Description of the task: Return all of the data exactly, omitting any images.
────
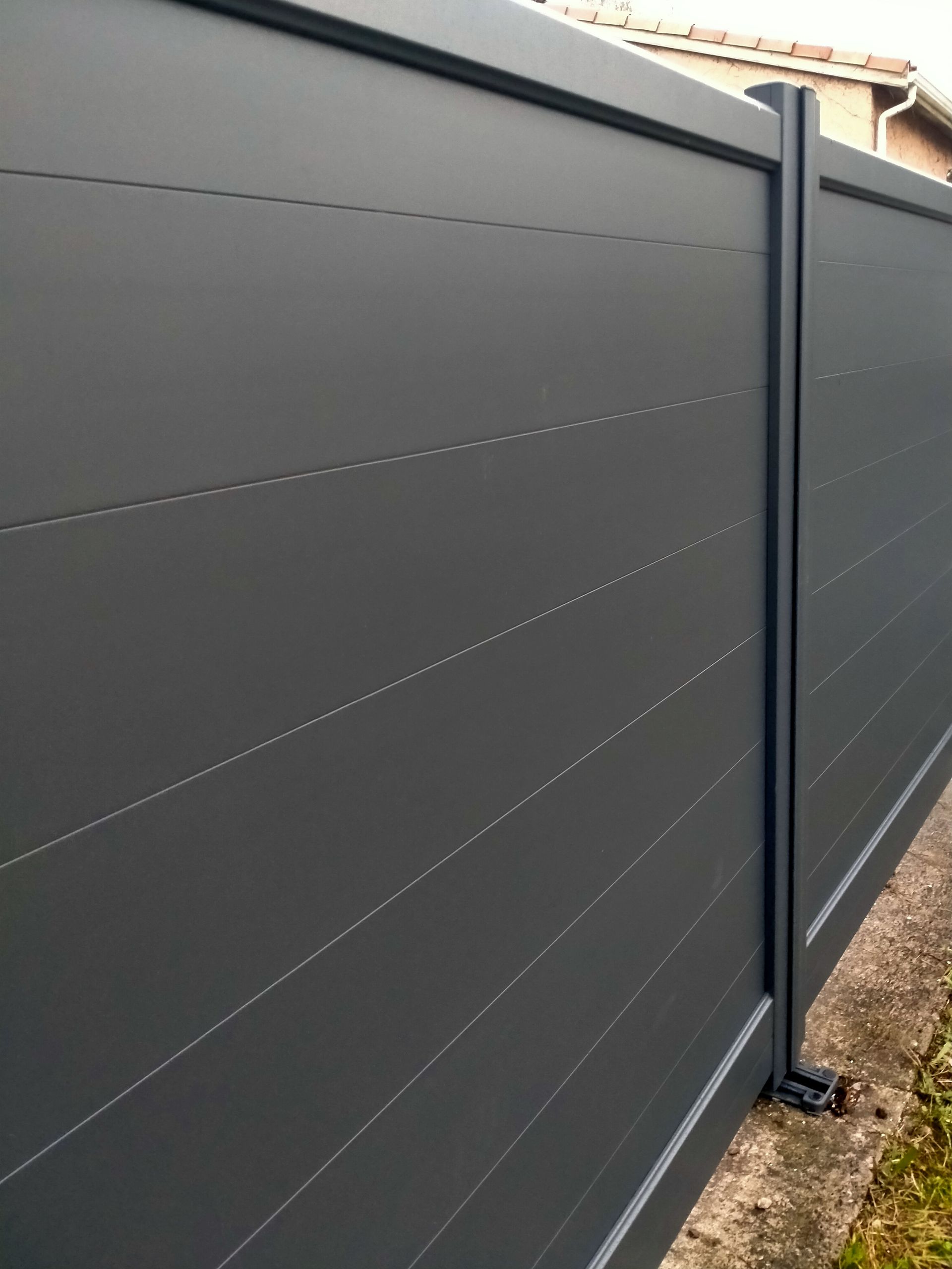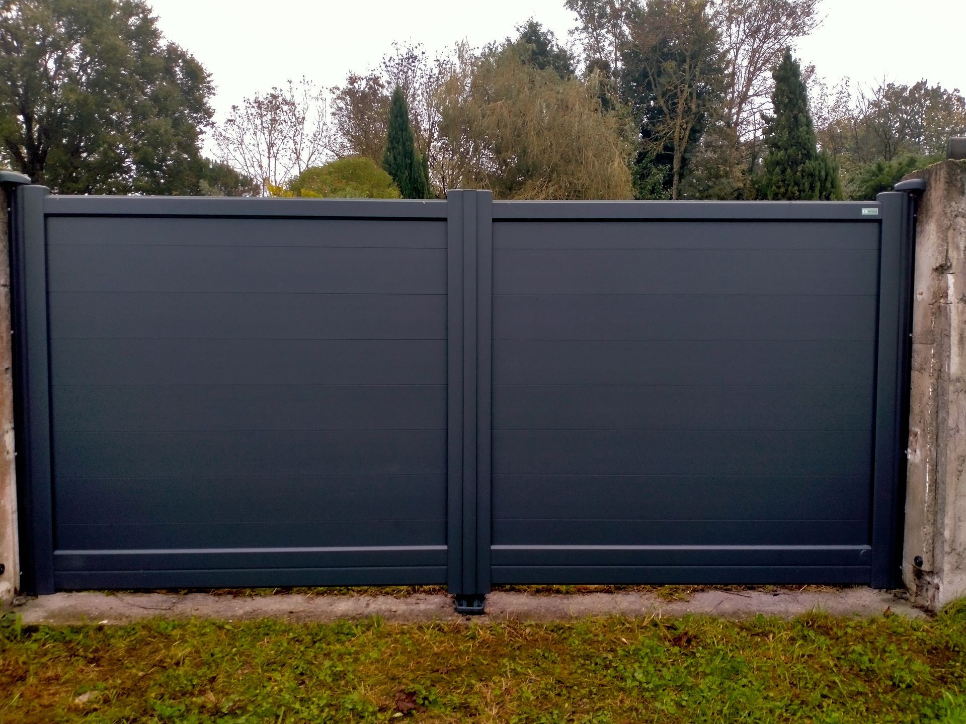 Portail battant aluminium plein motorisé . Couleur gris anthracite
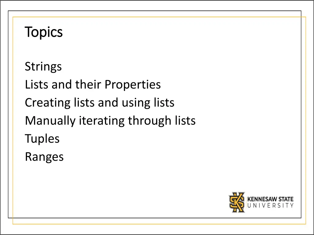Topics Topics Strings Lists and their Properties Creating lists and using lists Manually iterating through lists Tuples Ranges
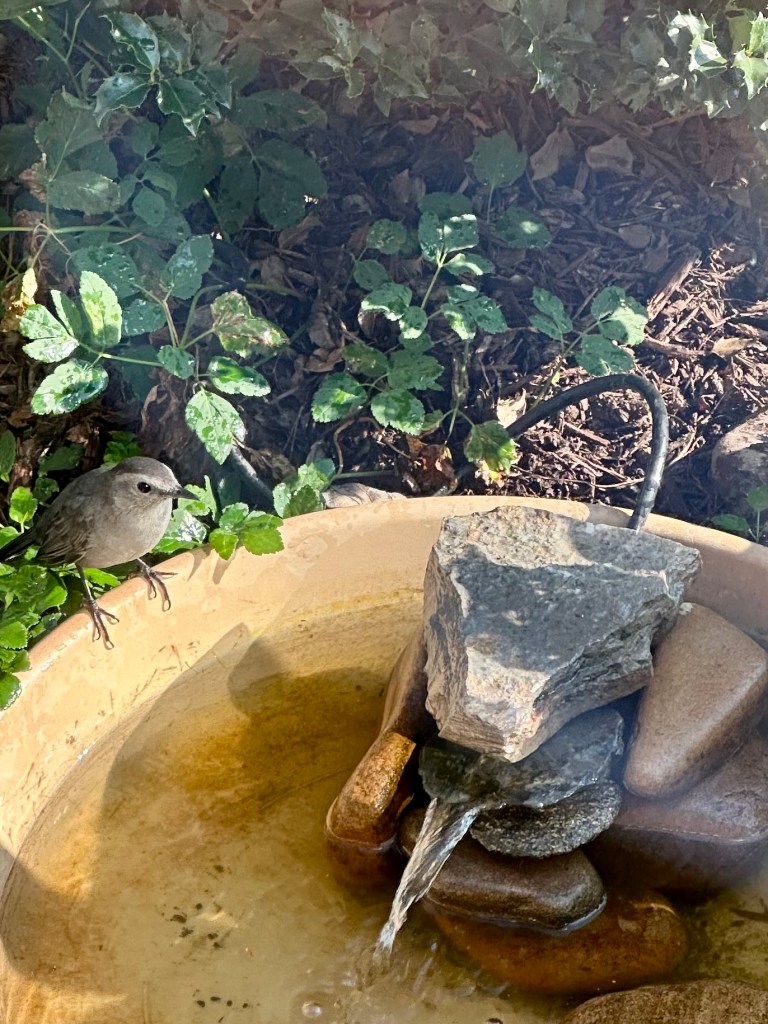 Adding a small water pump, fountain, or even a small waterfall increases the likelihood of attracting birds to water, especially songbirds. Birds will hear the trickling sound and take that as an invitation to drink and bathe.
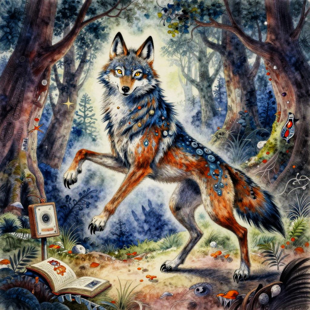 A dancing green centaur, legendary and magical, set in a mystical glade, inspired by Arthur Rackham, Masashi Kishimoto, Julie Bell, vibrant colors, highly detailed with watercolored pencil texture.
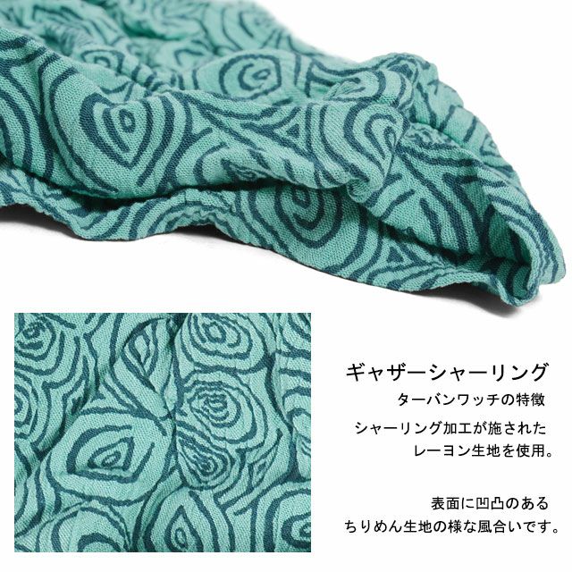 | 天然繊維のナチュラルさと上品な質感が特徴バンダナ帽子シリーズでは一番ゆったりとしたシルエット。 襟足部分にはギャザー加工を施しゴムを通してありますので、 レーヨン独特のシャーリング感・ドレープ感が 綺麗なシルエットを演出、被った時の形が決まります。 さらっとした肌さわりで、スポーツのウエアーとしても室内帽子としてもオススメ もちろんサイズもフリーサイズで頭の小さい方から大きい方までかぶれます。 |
────
The answer:
 Portail battant aluminium plein motorisé . Couleur gris anthracite
Topics Topics Strings Lists and their Properties Creating lists and using lists Manually iterating through lists Tuples Ranges
 Adding a small water pump, fountain, or even a small waterfall increases the likelihood of attracting birds to water, especially songbirds. Birds will hear the trickling sound and take that as an invitation to drink and bathe.
 A dancing green centaur, legendary and magical, set in a mystical glade, inspired by Arthur Rackham, Masashi Kishimoto, Julie Bell, vibrant colors, highly detailed with watercolored pencil texture.
 | 天然繊維のナチュラルさと上品な質感が特徴バンダナ帽子シリーズでは一番ゆったりとしたシルエット。 襟足部分にはギャザー加工を施しゴムを通してありますので、 レーヨン独特のシャーリング感・ドレープ感が 綺麗なシルエットを演出、被った時の形が決まります。 さらっとした肌さわりで、スポーツのウエアーとしても室内帽子としてもオススメ もちろんサイズもフリーサイズで頭の小さい方から大きい方までかぶれます。 |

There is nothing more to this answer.